O ano era 1993 e Chris Carter teve uma grande idéia. Homenagear todas as séries e filmes de terror que assistiu em sua adolescência criando um programa de TV chamado apenas de Arquivo X (The X-Files). A série fez tanto sucesso por aqui que foi responsável pela criação de programas especiais e revistas que nasceram apenas ancoradas em seus episódios. Também não podemos esquecer que a série foi uma das principais atrações da Rede Record, que naquela época mantinha ótimas séries em sua grade de programação (bons tempos que não voltam mais) e também lançou dois atores desconhecidos (David Duchovny e Gillian Anderson) ao estrelato.

Passei muito tempo de minha adolescência assistindo às intermináveis reprises da Rede Record, mas sempre tive um trauma. Nunca tinha assistido às duas últimas temporadas do programa. E não sei por que isso não aconteceu. Gosto muito do seriado, mas me lembro que tinha perdido um pouco do interesse pelo programa perto de seu final, embora ainda acompanhasse as notícias. No começo do ano, um amigo me vendeu uma versão pirata (sim, sei que é errado) das cinco primeiras temporadas. Óbvio que assisti a tudo rapidinho, mas eu queria mais.

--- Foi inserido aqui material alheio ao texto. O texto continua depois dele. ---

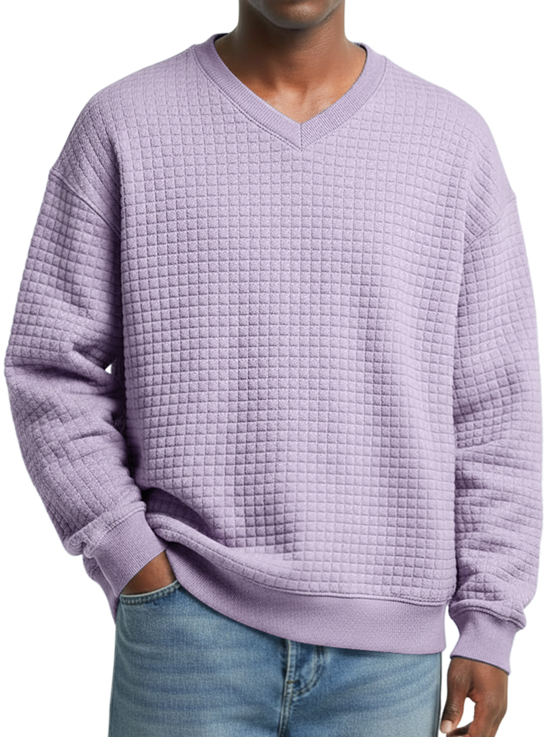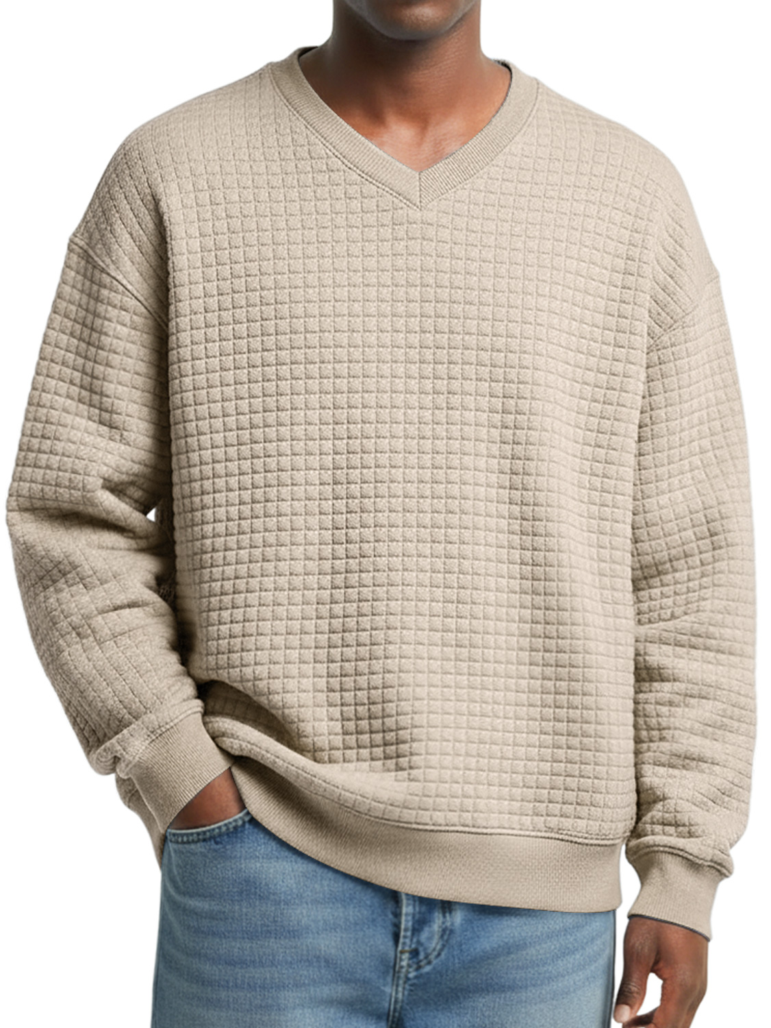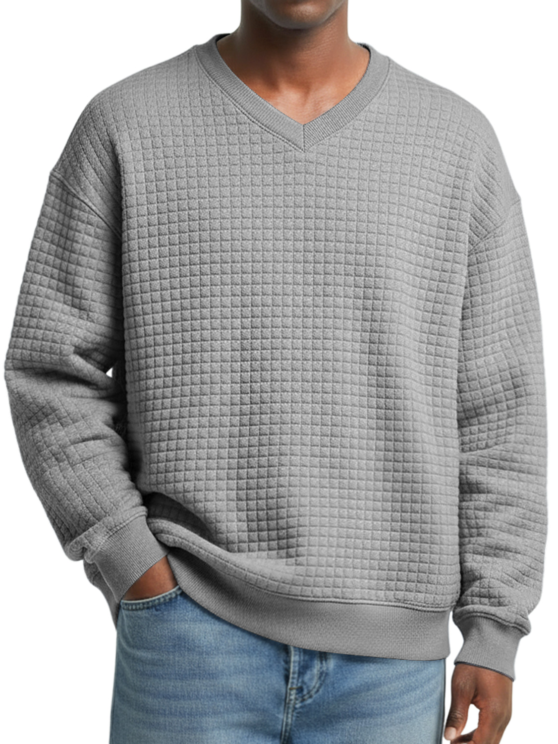 Men's V-neck Small Checkered Simple Casual Sweatshirt

E esse desejo se concretizou algumas semanas atrás quando comprei as 9 temporadas da série em uma caixa super bacana que está em promoção no Submarino. Aqui faço uma pequena crítica dessa série tão importante em meu passado. Fox Mulder e Dana Scully são responsáveis pelos Arquivos X, uma divisão do FBI que investiga casos bizarros e que envolvam explicações que fogem do campo da ciência comum (alguém lembrou de Fringe?). As 5 primeiras temporadas são absolutamente perfeitas. Os atores desempenham bem seu papel, a história é absurdamente bem amarrada e o clima pesado cerca quase todos os episódios.

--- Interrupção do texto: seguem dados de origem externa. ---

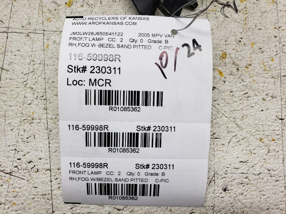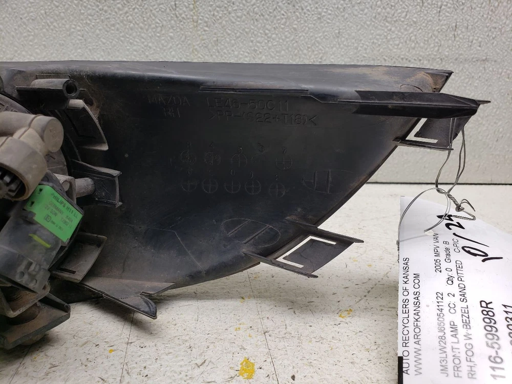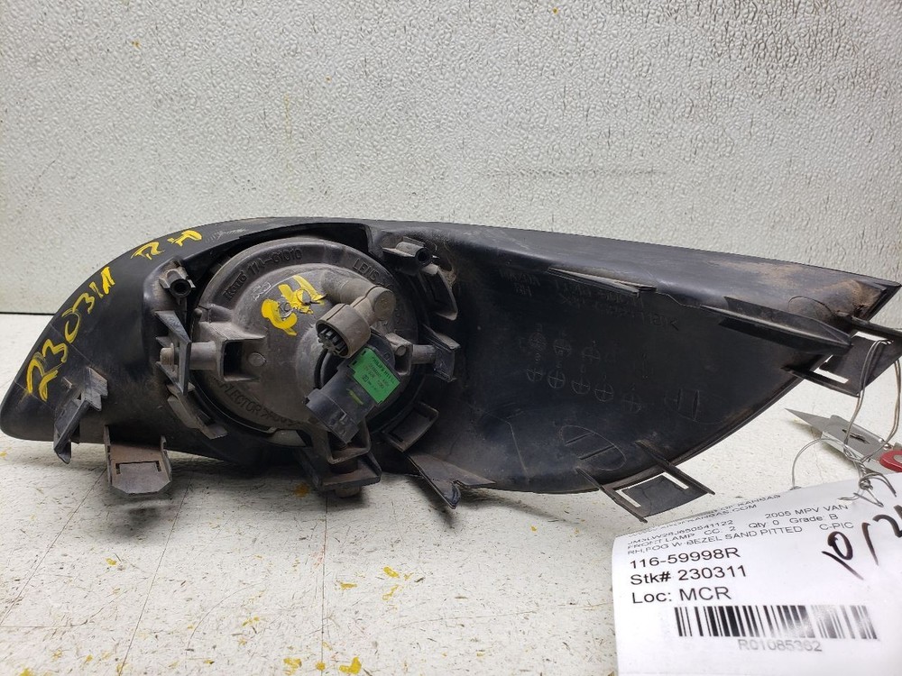 Welcome to our eBay Store! Passenger Corner/Park Light Fog-driving Fits 06-12 MAZDA MX-5 MIATA 1085362 Description Please read the entire listing before bidding. Our parts are not new! We sell only recycled automotive parts! All parts are tested to the fullest means possible to ensure only the highest quality products are listed in our eBay Store. We make every effort to provide you with the best photos of the product listed. L or LH denotes drivers side. R or RH denotes passenger's side. Donor Vehicle VIN: JM3LW28J650541122 Model: MPV VAN Year: 2005 Mileage: 285000 (0 = not available or unknown) Stock Number: 230311 Store Number: 1 Part Detail Part Grade: B Part Category: U Part Placement: Passenger/Right Notes: RH,FOG W/BEZEL SAND PITTED C-PIC This part will fit these makes and models with these options MAZDA 5 06-10 Fog-Driving; (bumper mounted), R. MAZDA 6 06-08 Fog-Driving; (bumper mounted), R. MAZDA CX-7 07-09 Fog-Driving; R. MAZDA MPV 04-06 Fog-Driving; (bumper mounted), bar grille, R. MAZDA MX-5 MIATA 06-12 Fog-Driving; R. WARRANTY / GUARANTEE Most parts we sell through eBay Motors come with a 30-day money back guarantee unless otherwise stated. The 30 day period starts when you take possession of the part. No labor warranty is provided. In the event a part sold with a warranty fails to operate within the warranty period we will replace the part(s) with a functionally equivalent part or refund the part purchase price, at our option. To return an item you must contact us via eBay Message within the 30 day period to obtain a RMA number (return material authorization). Original shipping charges and return shipping charges are not refunded. Once you obtain an RMA number, ship the item back to Auto Recyclers of Kansas, 1200 E Macarthur, Wichita, KS 67216 along with the RMA number. SHIPPING NOTES ABOUT US HELP Auto Recyclers of Kansas ships to US addresses within the 48 states only via UPS ground. International orders are sent via ebay's Global Shipping Program . Pick up at our facilities is available. Please message us prior to your purchase to arrange pick up. Items will be shipped within 1-2 days of purchase. Please allow up to 10 days for delivery unless item falls under ebay's Guaranteed Delivery p rogram. Most areas in the US are within 5 days. If an item arrives damaged, please contact us via eBay Message within 24 hours for instructions. If you have a question about a part please contact us BEFORE purchasing. Our main contact method is by eBay Messages. We try to answer all messages within 24 hours. If we are unable to answer your questions before the listing ends the item will be re-listed again soon for you to purchase. Core Charge. Core is an acronym for ‘Cash On Return’. A core charge is sometimes applied to rebuildable parts such as engines or alternators that can be redeemed for a portion of their original price. If the part you are purchasing has a core charge applied, it will be noted in the description. Parts Grading. A standard code system is used to communicate the condition and quality of a part between automotive recyclers, automotive repair shops, and insurers. Knowing how these codes are used will help you understand whether the part meets your expectations before you buy it and what you can expect from the part when you receive it. A Grade - The highest quality part. It is of low miles and/or exceptional condition for its age. B Grade - The second level quality part. It is of average miles and normal condition for its age. C Grade - The third level quality part. It has high miles and/or light damage. No Grade - A part that has not yet been graded.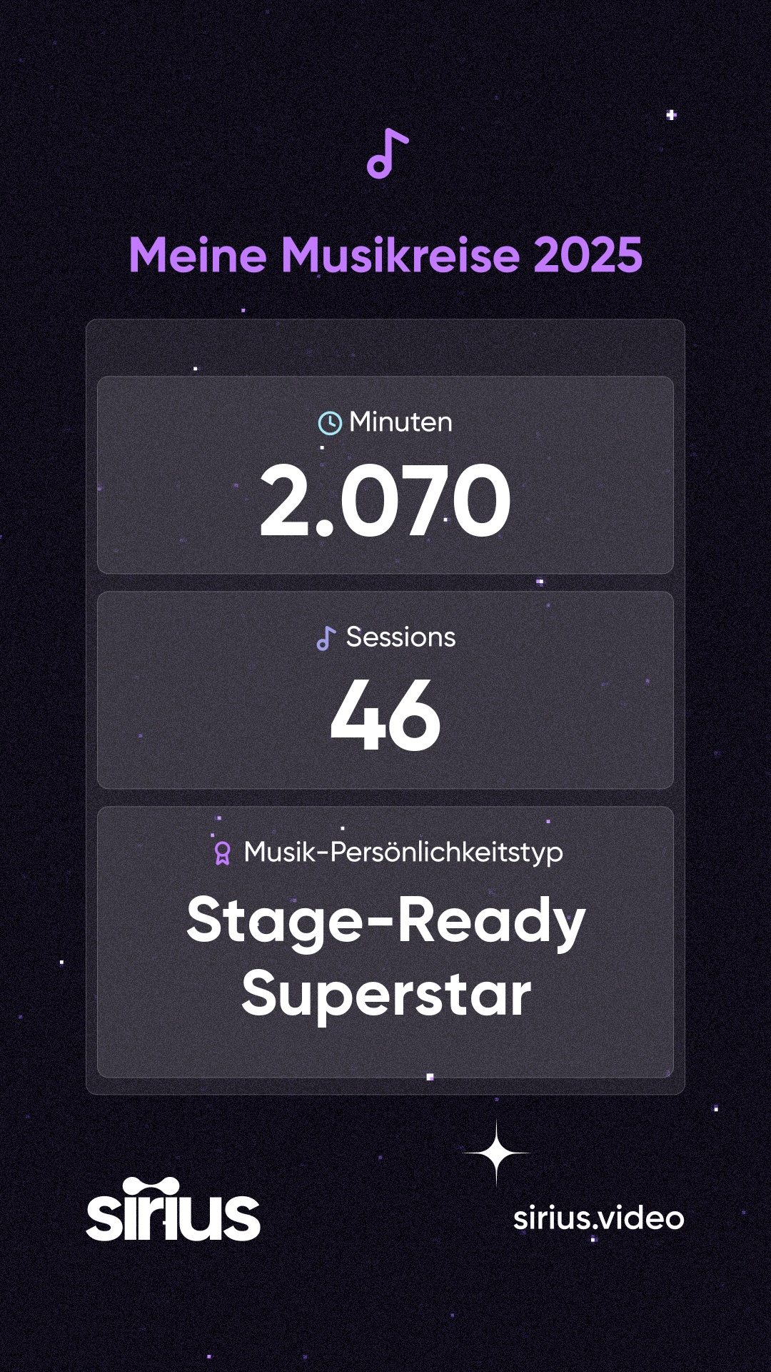 Poste dein SIRIUS Wrapped in deiner Insta-Story und markiere @sirius.video, um die Chance auf einen 300 € Thomann-Gutschein zu erhalten.

Tudo gira em torno da obsessão do agente Mulder em encontrar sua irmã que foi abduzida por alienígenas. De quebra, temos uma gigantesca conspiração que gira em torno de uma invasão alienígena que quer recolonizar a Terra usando um vírus nojento conhecido como Óleo Negro. Como na Quinta Temporada houve o perigo de cancelamento da série, então os produtores tentaram fechar a história e a tarefa de encerramento ficou para o longa metragem lançado em 1998. Até ai tudo bem, mas com a Sexta e Sétima temporada o pessoal da produção resolveu rasgar o manual e investir em episódios engraçadinhos e descontraídos. Talvez seja um reflexo do perigo de cancelamento e resolveram transformar o seriado em um programa família. Ou seja, tudo que era bom foi para o vinagre.

Depois dessa experiência é que me toquei o porquê de ter parado de assistir a série. Os únicos episódios bons dessas duas temporadas (e são apenas 5 episódios de 44) são justamente os que voltam à mitologia inicial e tentam amarrar as pontas da história original da conspiração alienígena. A Sétima temporada termina com o próprio agente Mulder sendo abduzido por alienígenas. Lembrando que nessa época David Duchovny estava de saco cheio da série e queria sair para fazer outras coisas (como o horrendo filme “Evolução”). O acordo foi que ele participaria de apenas 10 episódios da Oitava Temporada. Mas, isso é papo para outro post. Passado o trauma desses episódios, agora vou assistir à 8º e 9º temporadas. Os críticos na época falaram muito bem desses episódios. Aguardem novas resenhas sobre essa parte da série.